Albert was upset by the whole thing and became ill and died shortly afterwards of typhus. Victoria went into mourning for the remainder of her life and blamed Edward for Albert’s death. “I never can or shall look at him without a shudder,” she wrote.

She did not return to Ireland for the remainder of the century. It was not until April 3, 1900, that she visited again. There was great pomp and ceremony associated with the visit. It was suggested that this was really intended as a recruiting tool for British forces during the Boer War.

An enormous number of people came to Dublin to see the queen.

“From all parts of the country vast contingents came, and they largely swelled the enormous throng in the street,” The Irish Times reported. “No such scenes as those of yesterday have been witnessed in the streets of the city within modern memory, and in all probability no living person will ever witness their like again.”

“No single mishap has marred the coming of the Queen amongst us,” the report continued. Ironically, the same day in Belgium a botched attempt was made to assassinate the Prince of Wales, but he got away unscathed. “From every lip you hear the heartfelt words, ‘I hope it will not mar the Queen’s visit to Ireland’,” one London correspondent wrote.

A variety of military and naval bands played in the city during her procession from Kingstown to the Vice-regal Lodge in an open carriage. “We went along the quays in the poorer parts of town where thousands gathered together and gave me a wildly enthusiastic greeting,” she noted in her diary. At the Phoenix Park, the Artane Boys Band played for Victoria. “It was really a wonderful reception I got and most gratifying.”

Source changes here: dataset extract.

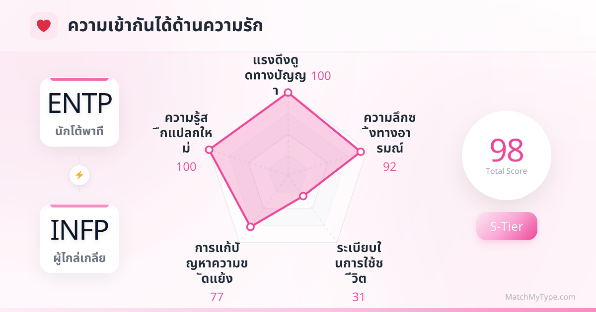 เมื่อประกายไฟแห่งตรรกะของ ENTP จุดไฟเผาป่าแห่งอารมณ์ของ INFP นี่คือการผจญภัยที่เริ่มต้นจากการประลองปัญญาและจบลงที่การสั่นสะเทือนของจิตวิญญาณ ทั้งวุ่นวายและมีเสน่ห์

She remained in Dublin for three weeks, performing official functions and visiting schools and hospitals. “I felt quite sorry that all was over,” she wrote on April 26, at the end of her trip. “I can never forget the really wild enthusiasm and affectionate loyalty displayed by all in Ireland and shall ever retain a most grateful remembrance of this warm hearted sympathetic people.” Less than nine months later she died.

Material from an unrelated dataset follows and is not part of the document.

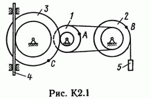 Решение задачи К2 Вариант 10: Механизм состоит из ступенчатых колес 1—3, находящихся в зацеплении или связанных ременной передачей, зубчатой рейки 4 и груза 5, привязанного к концу нити, намотанной на одно из колес (рис. К2.1, табл. К2). Радиусы ступеней колес равны соответственно: у колеса 1 – r1 = 2 см, R1 = 4 см, у колеса 2 – r2 = 6 см, R2 = 8 см, у колеса 3 – r3 — 12 см, R3 = 16 см. На ободьях колес расположены точки A, В и С. В столбце «Дано» таблицы указан закон движения или закон изменения скорости ведущего звена механизма, где φ1(t) — закон вращения колеса 1, s2(f) — закон движения рейки 4, ω2(t) — закон изменения угловой скорости колеса 2, v5(t) — закон изменения скорости груза 5 и т. д. (везде φ выражено в радианах, s — в сантиметрах, t — в секундах). Положительное направление для φ и ω против хода часовой стрелки, для s4, s5 и v4, v5 — вниз. Определить в момент времени t1 = 2 с указанные в таблице в столбцах «Найти» скорости (v — линейные, ω — угловые) и ускорения (а — линейные, ε — угловые) соответствующих точек или тел (v5 — скорость груза 5 и т. д.).

The next royal visit was on July 21, 1903. King Edward VII and Queen Alexandra arrived at Kingstown, but the ceremonies during their five-day stay were largely curtailed, because Pope Leo XIII had died the previous day.

One of king’s stops was at Maynooth College, where they met with the four Catholic archbishops and some 20 of the bishops.

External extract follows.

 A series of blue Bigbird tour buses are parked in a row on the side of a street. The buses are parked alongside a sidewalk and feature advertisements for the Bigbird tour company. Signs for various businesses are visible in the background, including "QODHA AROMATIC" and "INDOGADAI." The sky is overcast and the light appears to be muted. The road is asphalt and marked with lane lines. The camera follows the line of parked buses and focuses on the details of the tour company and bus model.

They returned to Ireland again on April 26, 1904, on a semi-official eight-day visit. They took a train to Naas and spent their first afternoon at Punchestown Races. On the third morning, the king lay the foundation stone for the Royal College of Science at Leinster Lawn. That afternoon he went to a racing meeting at Phoenix Park, and he and the queen attended a Command Performance at the Theatre Royal.

The royal couple went to Kilkenny and Waterford during their visit.

Edward’s reign was comparatively short, and he did not return to Dublin again.

The last visit of a reigning British monarch was that of George V, who arrived with Queen Mary and their son, the Prince of Wales (the future King Edward VIII) and daughter Princess Mary. They arrived in Kingstown on July 8, 1911, and went into the city in procession.

It was the king’s first trip outside Britain following his recent coronation.

The warmth of the public welcome was such that The Daily Telegraph referred to the five-day visit as “the latest and happiest conquest of Ireland”. Others might contend that the Irish were finally breaking into the British tourist market.